起初覺得有人跟她玩鬧,從懷疑被勾起的那一刻就讓人耍了。看了看那封長信又覺得言辭懇切,她從來不接救濟的活,萬望這家千金不要被辜負。

很快又被證實,汴京那些地方,原本沒有一個叫疊字明明。

再回頭看,字跡雖然憤懣潦草,雖然,雖然……

柳如清對上我的眼睛,她很聰明:“你騙她了。”

驚魂未定,這番敘述讓我心跳如雷動,怎麽解釋才恰當,總不能說江憑月很笨,雖笨,旁人不那麽覺得,我說就成了汙蔑。

“動靜不小,為這點破事勞心費神。”柳仰話音剛落,外頭來人了。她轉過身餵魚,我也很快挪回原位。

我不管,我就揣度了。她當時想的是,只要一絲機會,不求旁的,能在我身邊就好。後來又想,一生一世一雙人,既然敬重,便不能藏掖做起遇不得光的影子。再後來,短短幾天工夫,她斷定我的明明就在不遠處,查遍這些行當的年輕姑娘,裏外多照拂著些。

她明白我囊中羞澀又心胸狹隘,這個姑娘大概不會過得太苦,至少比我滋潤,端本正源,怎麽也要五十兩銀票往上走。歸因是我交困。

沒有娘家扶持,她不想我委曲求全,更不能任人挑揀。

這個沒得治,打娘胎裏帶的自負,總以為我沒了她,那些生氣和風骨就成了飄去無影的風。倘若心愛之人身困牢籠,我一樣要散盡家財拿去換的。
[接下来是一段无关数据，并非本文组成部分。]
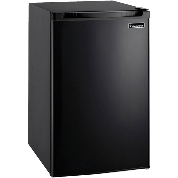 Wonderful food storage for a compact space! Ideal for offices, dorm rooms or any other efficient space, the black Magic Chef 4.4 cubic-ft. Refrigerator fits into smaller spaces with ease, making it convenient to store food and drink wherever is needed. An in-door gallon rack and can dispenser are ideal for beverage storage, and adjustable wire shelving allows you to adjust the space and size of your fridge.
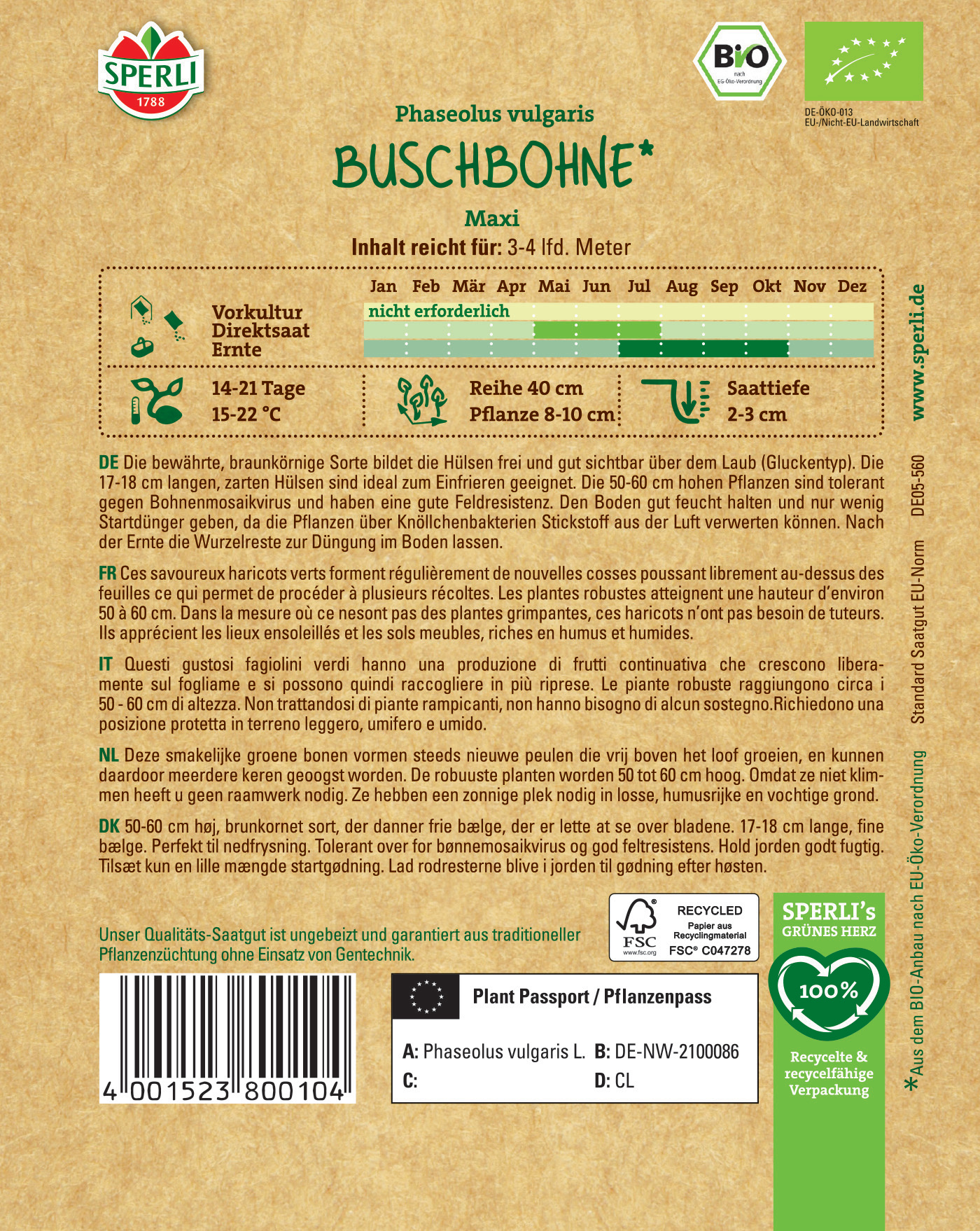 | Kurzbezeichnung : | BIO Buschbohne Maxi |
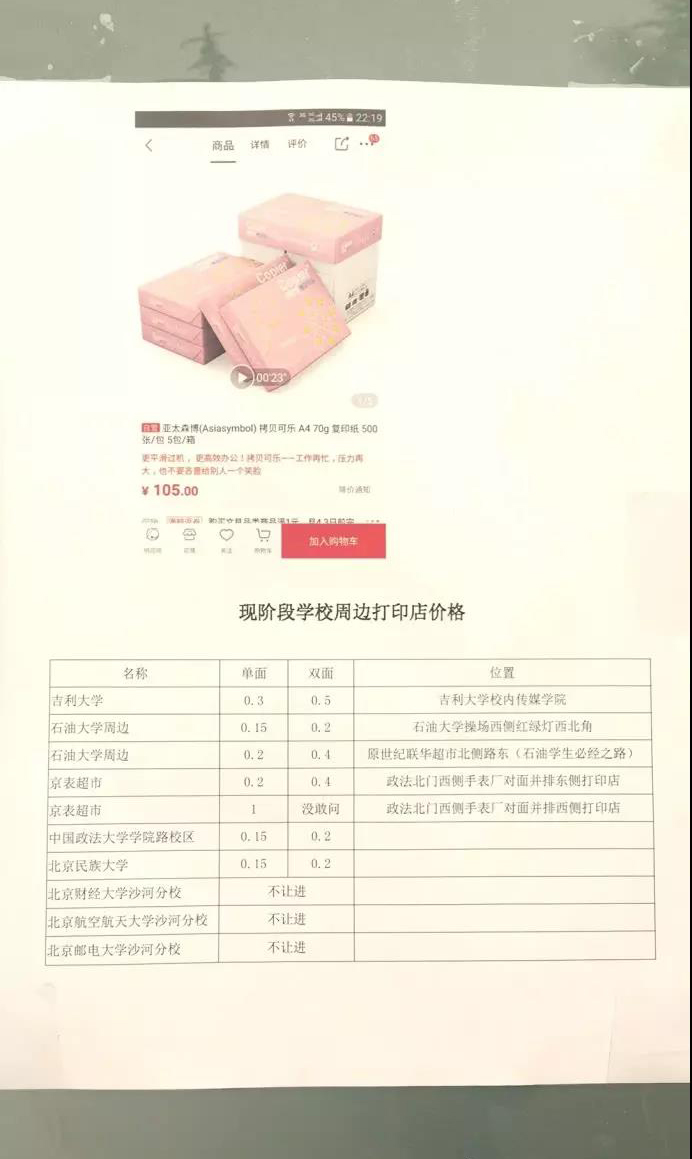 最后,老板用表格盤點了周邊高校學(xué)校打印店價格,幾乎涵蓋了政法大學(xué)周邊所有的打印店。在有些大學(xué)后面,老板備注上“不讓進”、“不敢問”等話,這讓網(wǎng)友們表示很心疼,“老板為了做競品分析也是拼了!”也有法大學(xué)生留言:“其實嘛,只不過漲個價而已,而且漲幅也不大,店主何苦那么小心翼翼,我們法大學(xué)子又不會吃了你。”
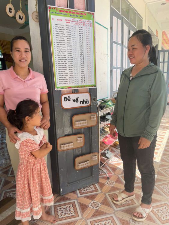 Ngay từ sáng sớm, sân trường đã ngập tràn tiếng cười nói, những gương mặt hồn nhiên, háo hức xen lẫn chút rụt rè của các bé khi được ba mẹ đưa đến trường. Các cô giáo trong tà áo dài tươi thắm, nụ cười rạng rỡ luôn dang rộng vòng tay đón chào, động viên để các con yên tâm bước vào lớp học mới, bạn bè mới.
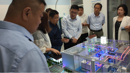 考察组一行实地参观了内蒙古环投环保技术有限公司建设的呼和浩特市利佰佳国际10万平米综合体“电模块”核心技术冷热联供项目以及内蒙古环投集团西楼“电模块”核心技术冷热联供项目的建设、运行情况以及了解使用单位的感受和满意度。
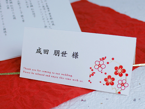 赤白の水引と気品高い梅の花が、ふたりの佳き日を鮮やかに彩ります。
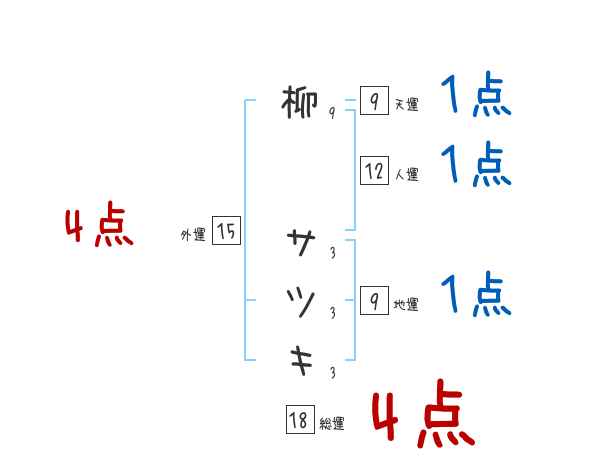 天運![]() | 柳サツキさんの天運は9画の1つ星!消極的で才能を発揮することが苦手なことも。周りの意見に耳を傾けましょう。 家系が持つ宿命的な運勢を表します。祖先から受け継いだ苗字ですので自分の力が及びません。家柄を象徴します。 |
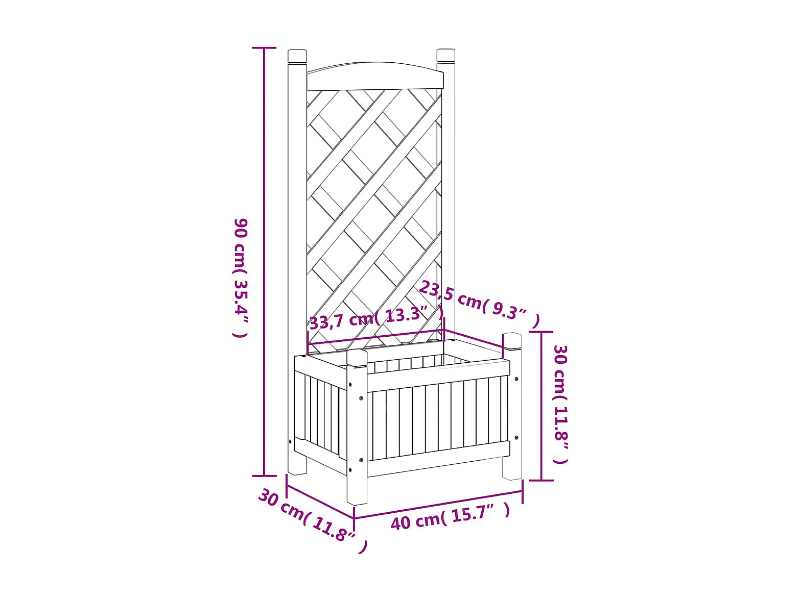 Jardinière en treillis 40x30x135 Bois de sapin massif
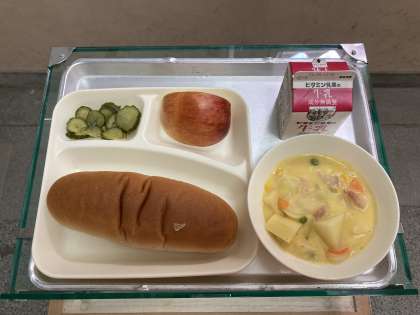 「豆乳コーンクリームシチュー【米粉】」は、小麦アレルギーのある児童も食べることができるように、小麦粉を使った手作りルウの代わりに、水どきの上新粉でとろみをつけています。また、牛乳アレルギーのある児童が食べることができるように、豆乳を使用しています。
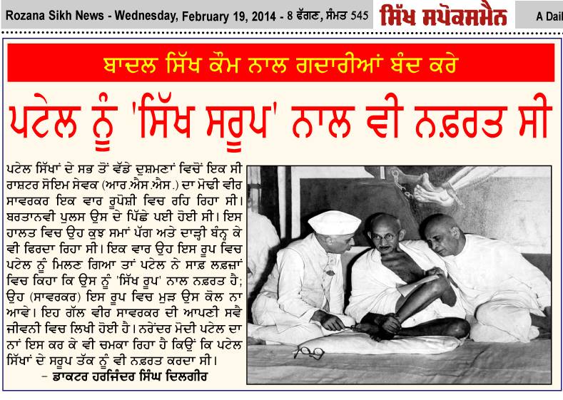 ਇਹ ਸੀ ਪਟੇਲ ਦਾ ਅਸਲੀ ਚਹਿਰਾ ਜਿਸ ਵਿਚ ੳਹ ਕਿਸੇ ਕੱਟੜ ਹਿੰਦੂ ਨੂੰ ਵੀ ਸਿੱਖੀ ਸਰੂਪ

剖心的信,筆墨紙硯湊成的書文裏顧左右而言他,好容易尋到了,還是摯友挖了個坑等著她往裏跳的精心部署。賠了錢,折了臉面,江憑月好可憐,心思全攤在紙上,快馬加鞭塞進如清姐姐手裏。

她不知道我會騙她,我也沒去騙她。她自作聰明,以為看穿了我,這個人能在我心上,必不是什麽閨秀,是的話早說了……真不知道自己明明如月啊?

猶記夢中憑月幽幽開口,跟我說,遠近親疏,人非草木,怎麽我的書文將將長成,雲霧交錯,轉眼間便失散了。

心性,骨頭,哪個不是糙木鐵板一點一點磨出來的,就她的書文要緊,旁的就都擠到緊後頭去了。以至於她原本的家跟她家裏的人,都不被如我一般使她放在心上。

池中魚躍,飛鳥爭鳴,院外鈴環相撞,與步聲一齊逼近。

“這可是,書文,這可是她的私藏,順來送你了。這麽大個箱子,都是你的。”江依抱了個小桌臺模樣的木箱側身進來,眼睛對上才想起我們在吵架,於是把懷裏的東西往上顛了顛,冷著臉往院裏走。